_Activity_:
Restate each of the lines below word for word and drop every picture.

(Stored data Opens)

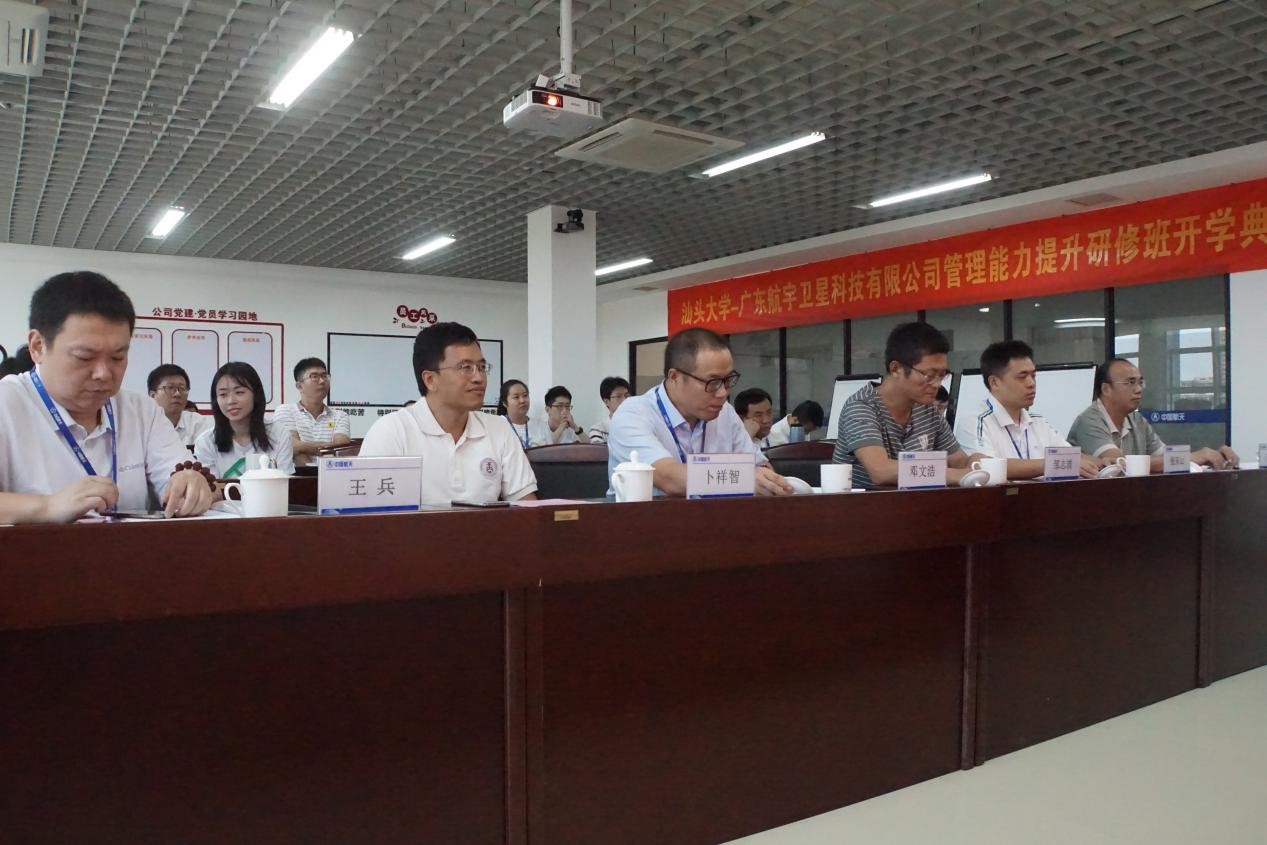 2019年9月22日上午九点,由汕头大学商学院承办的“汕头大学—广东航宇卫星科技有限公司管理能力提升研修班”在航宇卫星大厦顺利开班。汕头大学商学院党总支书记兼副院长邹志波、副院长卜祥智、广东航宇卫星科技有限公司总经理邓文浩、副总经理张东山、副总经理王兵、党总支副书记王君程出席本次开学典礼。
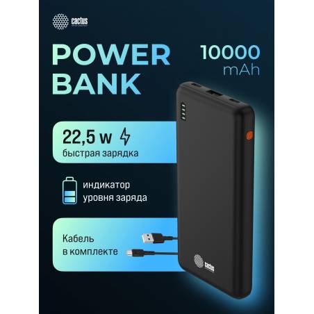 Мобильный аккумулятор Cactus CS-PBFSAA-10000 10000mAh 22.5W 4.5A USB-A/2xUSB-C черный
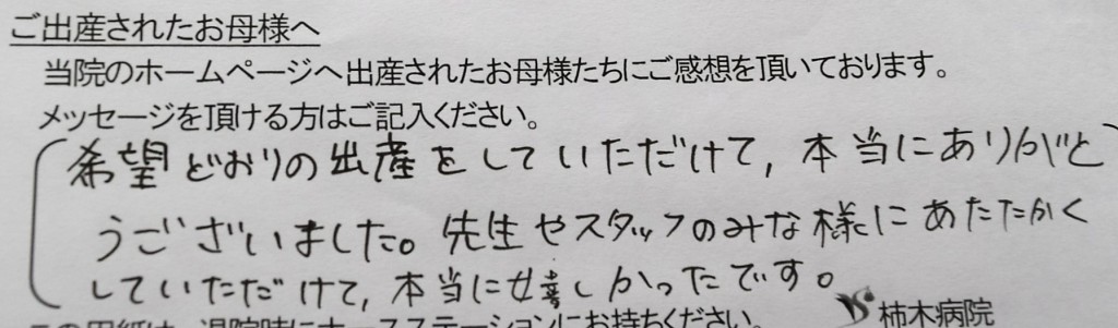 希望どおりの出産をしていただけて、本当にありがとうございました。先生やスタッフのみな様にあたたかくしていただけて、本当に嬉しかったです。

(Stored data Closes)

_Solved exercise_:
 2019年9月22日上午九点,由汕头大学商学院承办的“汕头大学—广东航宇卫星科技有限公司管理能力提升研修班”在航宇卫星大厦顺利开班。汕头大学商学院党总支书记兼副院长邹志波、副院长卜祥智、广东航宇卫星科技有限公司总经理邓文浩、副总经理张东山、副总经理王兵、党总支副书记王君程出席本次开学典礼。
 Мобильный аккумулятор Cactus CS-PBFSAA-10000 10000mAh 22.5W 4.5A USB-A/2xUSB-C черный
 希望どおりの出産をしていただけて、本当にありがとうございました。先生やスタッフのみな様にあたたかくしていただけて、本当に嬉しかったです。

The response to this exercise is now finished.